Joyce, en esta novela, nos conduce por los intrincados caminos de su adolescencia. Uno de los más logrados intentos del libro me parece el de enseñarnos las estaciones y las jornadas de esta adolescencia reviviéndolas, con su música íntima, con su armonía subjetiva, en toda su virginidad, sin que se sienta el viaje. El artista nos descubre su pasado como nos descubre su presente. No se mezcla a los acontecimientos ningún elemento que delate que lo actual en el relato ha dejado de ser actual en la vida. Ningún elemento de crítica o de opinión con sabor retrospectivo. Las impresiones de la adolescencia de Stephen Dedalus conservan intactas su inocencia.
Stephen Dedalus estudia en un colegio de jesuitas. Y la novela no deforma ni al estudiante, ni al colegio, ni a los jesuitas. Todas las cosas, todos los tipos nos son presentados con candor. El artista no los juzga. Stephen Dedalus, buscándose a sí mismo, conoce el pecado y el arrepentimiento, conoce la fe y la duda. Pero, finalmente, las supera. En su peregrinación descubre el arte. El arte que no es aún una meta, sino sólo una evasión.

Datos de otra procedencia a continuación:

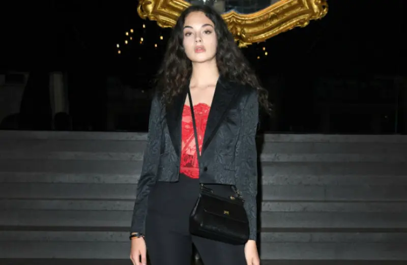 Отметим, 14-летняя модель Дева явилась туда в облегающих брюках черного цвета и пиджаке в тон из атласа. Свой строгий образ дочь звездных родителей дополнила заманчивый красным ажурным топом.
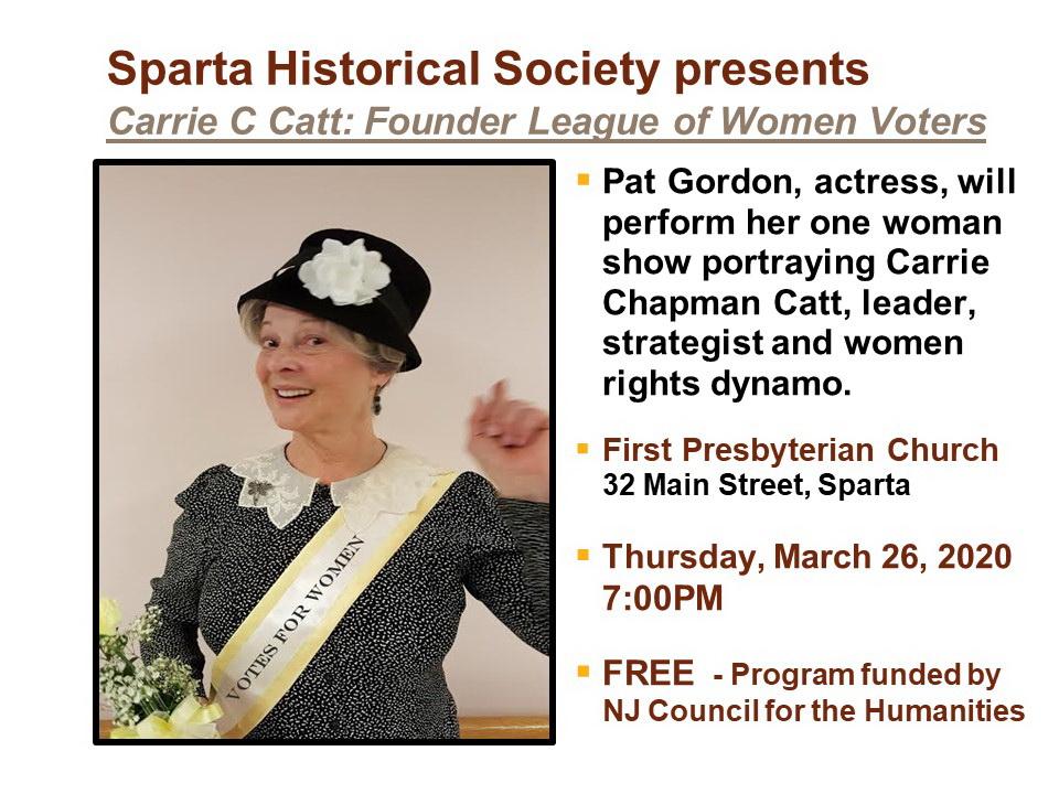 Sussex County - Sparta - POSTPONED - Carrie Chapman Catt: Founder of the League of Women Voters

Joyce nos da una versión, única acaso en la literatura, de la crisis de conciencia de un adolescente, con espíritu religioso y sensibilidad acendrada en un colegio católico. El capítulo en que su adolescencia, con el sabor del pecado carnal en los labios tímidos, pasa por la prueba de unos “ejercicios espirituales”, es un capítulo maravilloso. Joyce da la impresión de conducirnos con lentitud por este atormentado y proceloso episodio. Los hechos transcurren con una morosidad deliberada. Las pláticas del “retiro” están puntualmente y minuciosamente repetidas. Y sin que falte ni una palabra, ni un gesto del predicador. Y, sin embargo, no hay nada demás en el relato. Como lo observa el distinguido crítico español Antonio de Marichalar, este episodio que fluye en el mismo tiempo que ocuparía en la realidad, “conserva su misma naturaleza”.

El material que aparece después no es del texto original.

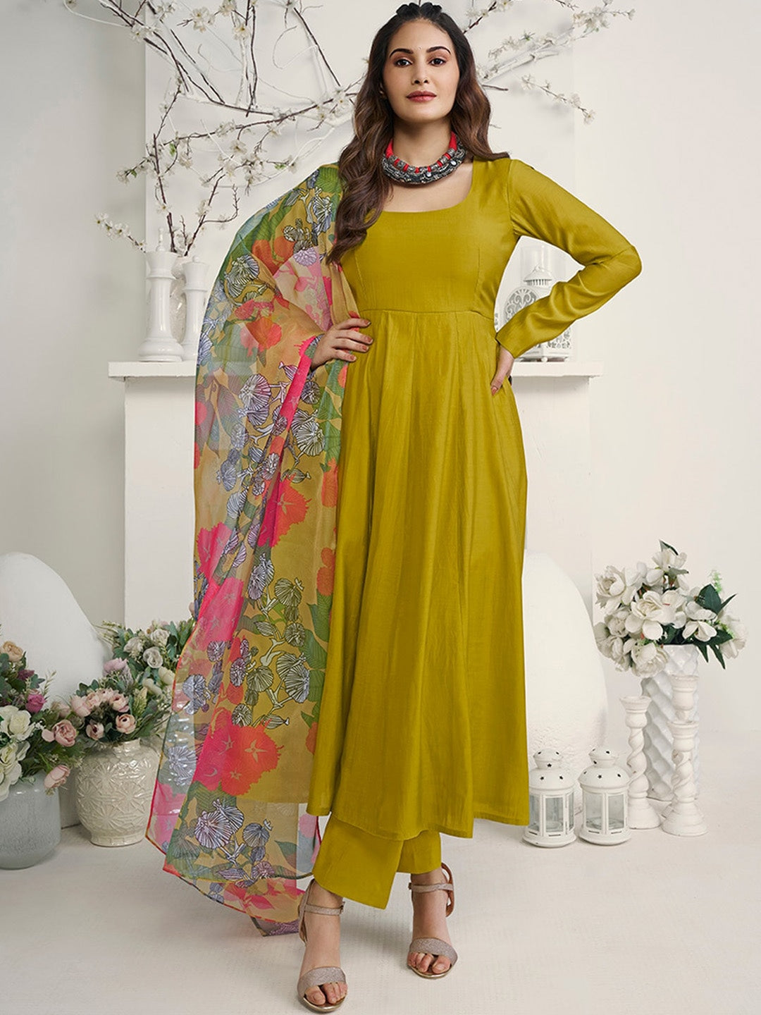 Introducing the Amyra Dastur Mustard Yellow Square Neck Empire Pure Silk Anarkali Kurta with Trousers & Dupatta. Crafted from luxurious pure silk, the mustard yellow kurta features a flattering square neck and a flared hem for a stunning silhouette. The accompanying trousers have an elasticated waistband for comfort and a slip-on closure. Elevate your style for any occasion with this elegant anarkali kurta set.

Y no todo es lentitud ni minucia en Dedalus. Las últimas jornadas del viaje están servidas en comprimidos. Las cosas pasan aprisa. Joyce reproduce las notas de un diario que no aprehende sino su esencia. He aquí una muestra de su procedimiento: “22 de marzo. En compañía de Lynch, seguido una enfermera voluminosa. Iniciativa de Lynch. Abomino esto. Dos flacos lebreles famélicos detrás de una ternera”.
Y dejamos así a Joyce en la estación en que, evadiéndose de su adolescencia, como de un laberinto, se embarca en el tren de las aventuras. En su viaje sin itinerario, lo aguardaba en Trieste, antesala de su celebridad, un oscuro pupitre de profesor de idiomas extranjeros.